In the wind turbine business there are basically two types of turbines to choose from, vertical axis wind turbines and horizontal axis wind turbines. They both have their advantages and disadvantages and the purpose of this article is to help you choose the right system for your application.
Horizontal axis wind turbine dominate the majority of the wind industry. Horizontal axis means the rotating axis of the wind turbine is horizontal, or parallel with the ground. In big wind application, horizontal axis wind turbines are almost all you will ever see. However, in small wind and residential wind applications, vertical axis turbines have their place. The advantage of horizontal wind is that it is able to produce more electricity from a given amount of wind. So if you are trying to produce as much wind as possible at all times, horizontal axis is likely the choice for you. The disadvantage of horizontal axis however is that it is generally heavier and it does not produce well in turbulent winds.
I am convinced the oil industry pushes so hard on horizontal turbines because vertical will cut deep into their greasy pockets. The spend a fortune keeping them out of the market because if we begin using them, they will lose 100 times their fortunes.
I don''t understand why vertical turbines are not more common. Because it generates some more power.The only reason the would not be more common is because it needs more material’s. Or it needs gas, coal or anything like that.
I don’t understand why vertical turbines are not more common. They appear to be way more efficient than horizontal turbines. There are now horizontal turbines with no moving parts where the blades just resonate in order to produce energy.
We have a Conifer ‘Totem Pole’ in the garden of our residential area house. Basically a tree we had topped and all braches gut off now with vine type flowers covering it. It is approx 25 ft+ tall and I am thinking of puing a small wind generator on top of it, but can’t decide which axis. VA seems favourite as the roofs appear to be causing more turbulent than stable air flow. Open to suggestions?

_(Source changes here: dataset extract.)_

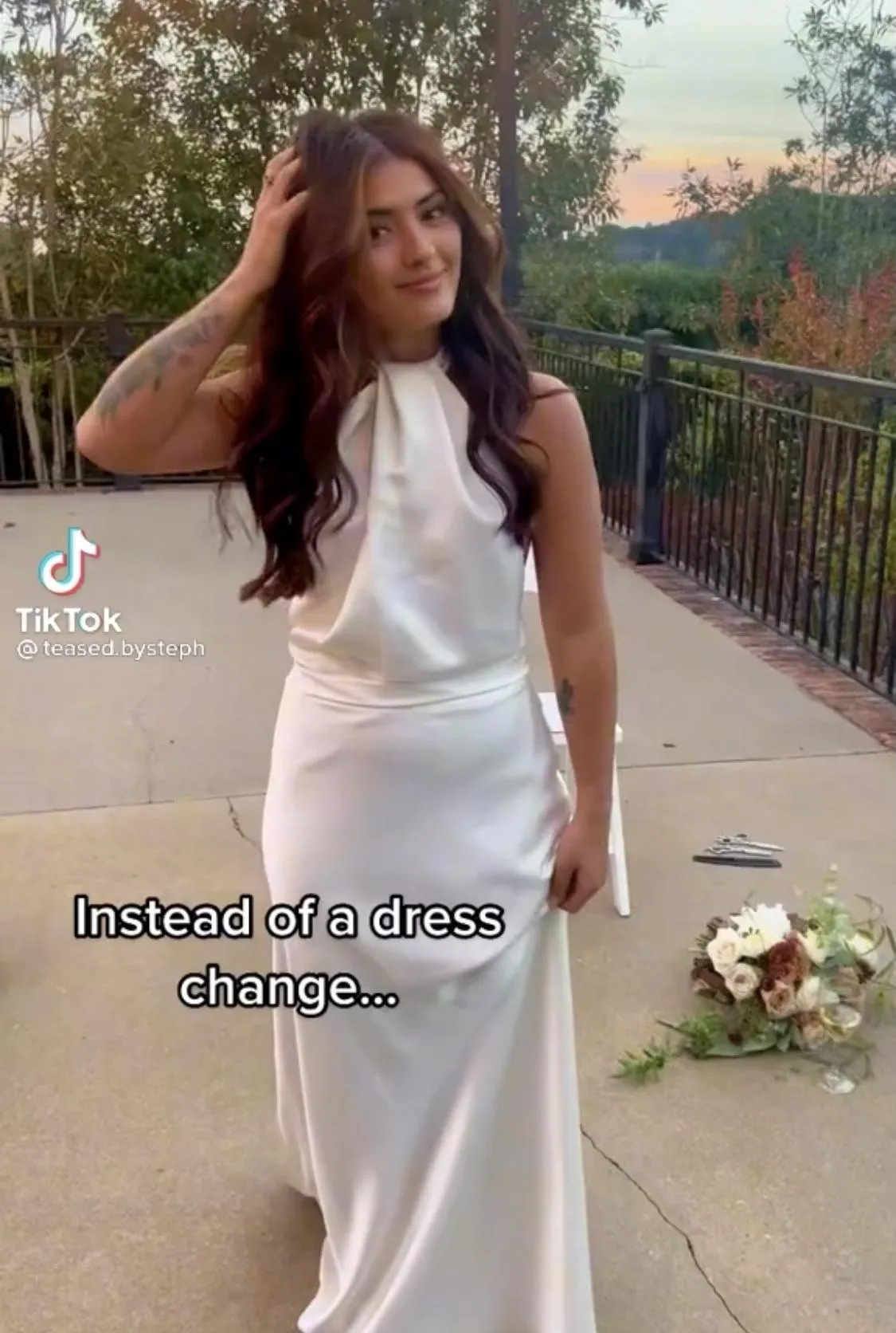 Дівчина змінила вбрання та одягла приголомшливу шовкову білу сукню до підлоги, а тоді перейшла до зачіски. Вона скористалась спеціальною накидкою, аби не зіпсувати сукню, і підстригла локони. Гості були в захваті від кардинальних змін.

I remember seeing vertical axis turbines where the generator is on the ground and curved sails run vertically like an egg beater. They turned continuously with winds under five mph, from any direction, since the vertical sails were wrapped in a gradual spiral, with six sails per turbine. I saw them outside Livermore Labs back in 1995. What, did propeller manufacturers push to get their propellers used instead of better designs?
Good information which enables to choose proper type of air turbine to produce electric power more efficiently. It helps me to design moni air turbines.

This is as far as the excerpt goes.